While Hosley said he knows other gay officers within the Order of the Arrow opted to remain silent, he couldn't bury his feelings anymore.
In a 2,000-word letter to the Atlanta Area Council in 2005, Hosley declared his love for his scouting family but objected to "prejudice, hate, abuse and intolerance" against homosexuals in the scouting culture.
"I finally got to the point where I was either going to be completely who I was and live my life without fear, or continue in that role," he says. "I didn’t want to live in fear anymore, to realize I couldn’t go out with someone I was dating, or even to be open in conversation about my life."
Hosley, an Episcopal monk studying in seminary at Emory University in Atlanta, was booted from the organization shortly after he posted the letter online. He also returned his eagle badges.
Those kinds of acts have been weighing on Bradford's mind as he considers whether to hand back his eagle and stand up for his mother.
Hames describes herself as a "typical scout mom" who attended cub meetings, participated in fundraisers and drove Bradford and his troopmates to field trips. But she did so as a closeted lesbian.
"To be out, I would not have been permitted to be involved with his troop or any type of volunteering," Hames said.
No pressure
As for her feelings about whether her son should give up his eagle, she said she hasn't pressured him either way.
"He's in college and I know he worries that if he returns it, he won’t be able to claim he's an eagle, and it might hinder his chances of using it on a job resume or something," she says.

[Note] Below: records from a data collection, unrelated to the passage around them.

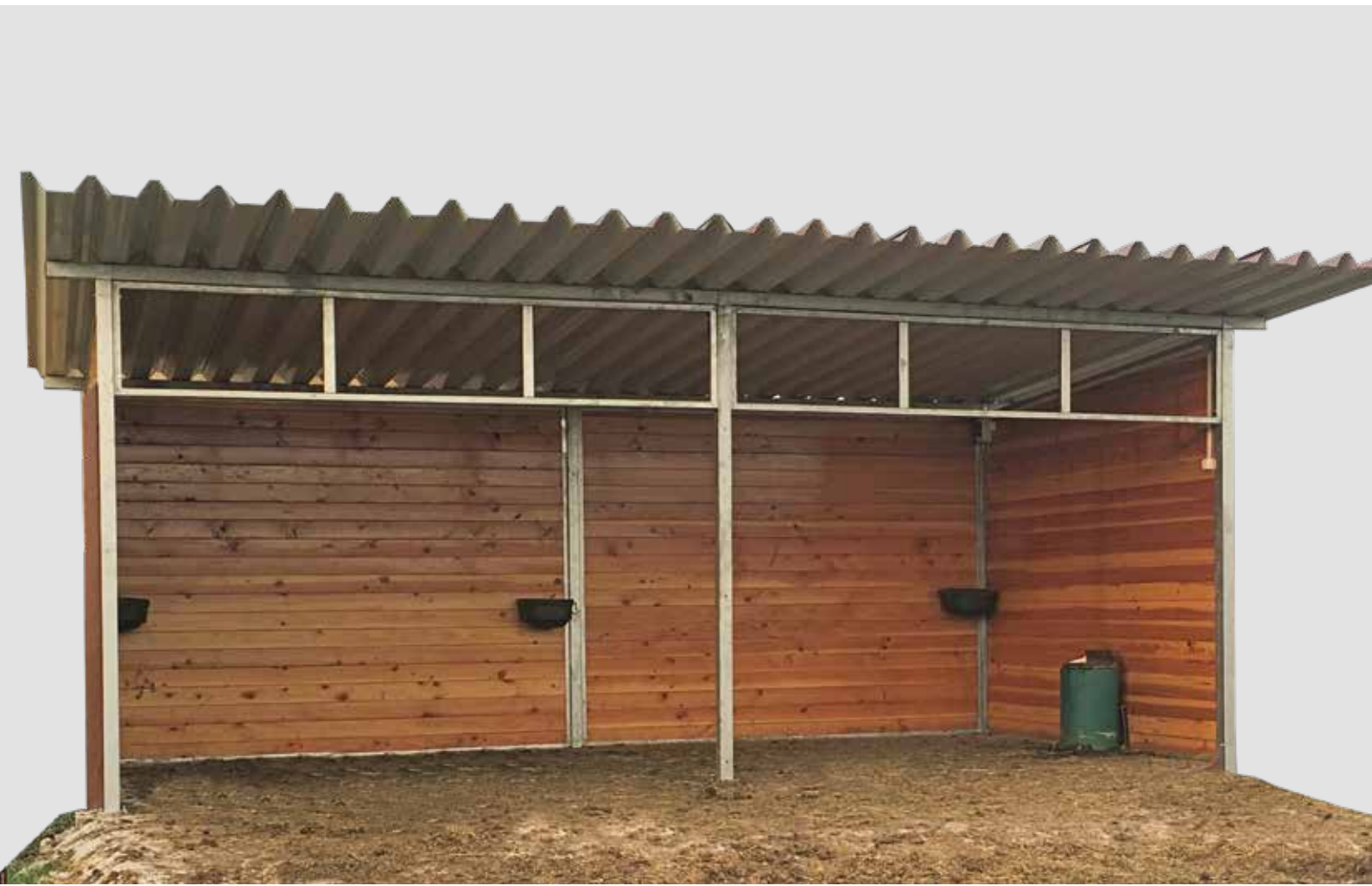
Bild oben: Weidehütte 3500 T x 7000 B mm; Bild unten: Weidehütte 3500 T x 14000 B mm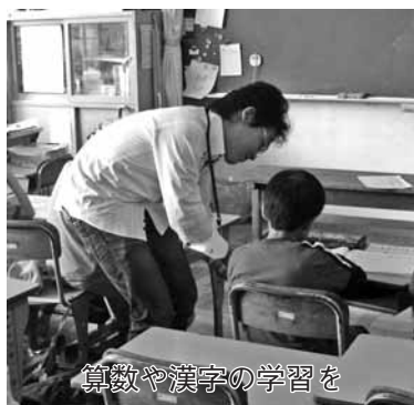
算数や漢字の学習を

市では、学力向上と定着の場として、第2・4・5土曜日に各小学校を会場にして、算数のドリル学習を中心に行う「サタデースクール」を、25年度も開講しています。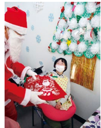
サンタさんが来た(°^°)♪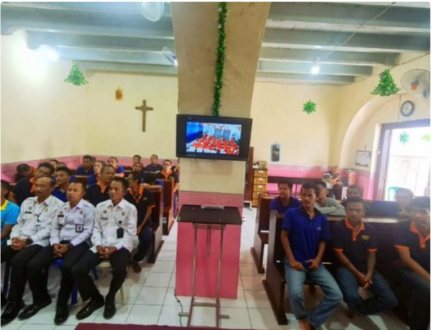
Secara Daring, Lapas Ambarawa Ikuti Perayaan Natal se Indonesia

AMBARAWA - Puluhan ribu tahanan dari 486 Lembaga Pemasyarakatan di seluruh Indonesia mengikuti perayaan Ibadah Natal Bersama secara daring, sebagai upaya integrasi dan persatuan dalam merayakan momen suci bersama,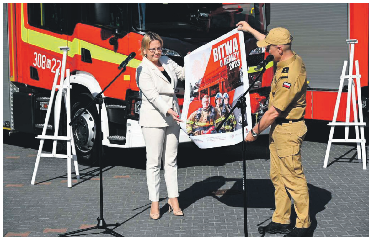
Minister Środowiska Anna Moskwa ogłasza „Bitwę o remizy”

Wybory to najważniejszy dzień w każdej demokracji. Warto wziąć w nich udział i mieć wpływ na przyszłość Polski. Dzięki rządowym akcjom profrekwencyjnym można też zdobyć wielkie pieniądze dla naszych gmin i strażaków.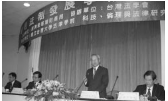
■ 專利法制發展學術研討會

科技、倫理與法律研究中心，原名「生物醫學法律研究室」，隨著生物科技日益千里，尤其複製羊「桃麗（Dolly）」在英國實驗成功的消息發表之後，使國內民眾開始注意到生物科技的發展與重要性。然而，其所引發的倫理、社會、法律問題，亟需進一步的研究討論，才能夠成為將來的政策與制度奠定合理共識的基礎。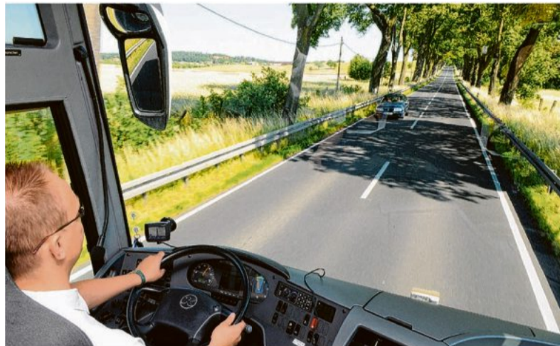
Der BDO sieht in naher Zukunft einen großen Fachkräftemangel im Bereich der BusfahrerInnen.

Prozent der privaten Busunternehmen unter FahrerInnenmangel. Das vergleichsweise hohe Durchschnittsalter der heutigen Fahrerinnen und Fahrer sowie die absehbare demografische Entwicklung und die allgemeine Ausbildungssituation in Deutschland werden diese Entwicklung in den kommenden Jahren sogar noch weiter verstärken. Davon gehen nach einer aktuellen Befragung des bdo 95 Prozent der Busmitelständler aus.

What Hames considered to be a "really good compromise" — a proposal to allow individual boy scouts chapters to welcome or deny gay membership — was voted down by an 11-person committee last July.
Shannon Hames' participation as a scout volunteer while her son, Nick Bradford, was a scout, would have been forbidden if her homosexuality had been public knowledge at the time. (Courtesy Nick Bradford)She believes individual chapters feared they’d no longer being able to "hide behind that veil of a national policy" if they revealed they were banning gays.
While the BSA waits until May for a vote on the policy, its reputation and pocketbook are hurting. Atlanta-based UPS was the latest corporate donor to pull funding over the no-gays policy, joining the likes of Intel and Merck.
Such withdrawals of support could cost the organization millions of dollars. They also add pressure to lift the ban, Bradford says, noting that blacks weren't integrated into the organization for decades in the segregated South. That didn't end until 1974.
"People are realizing more that the whole gay and lesbian issue isn't like a religious issue or a moral issue, it's more of a civil rights issue," Bradford says.
"I'm hoping they'll do the right thing."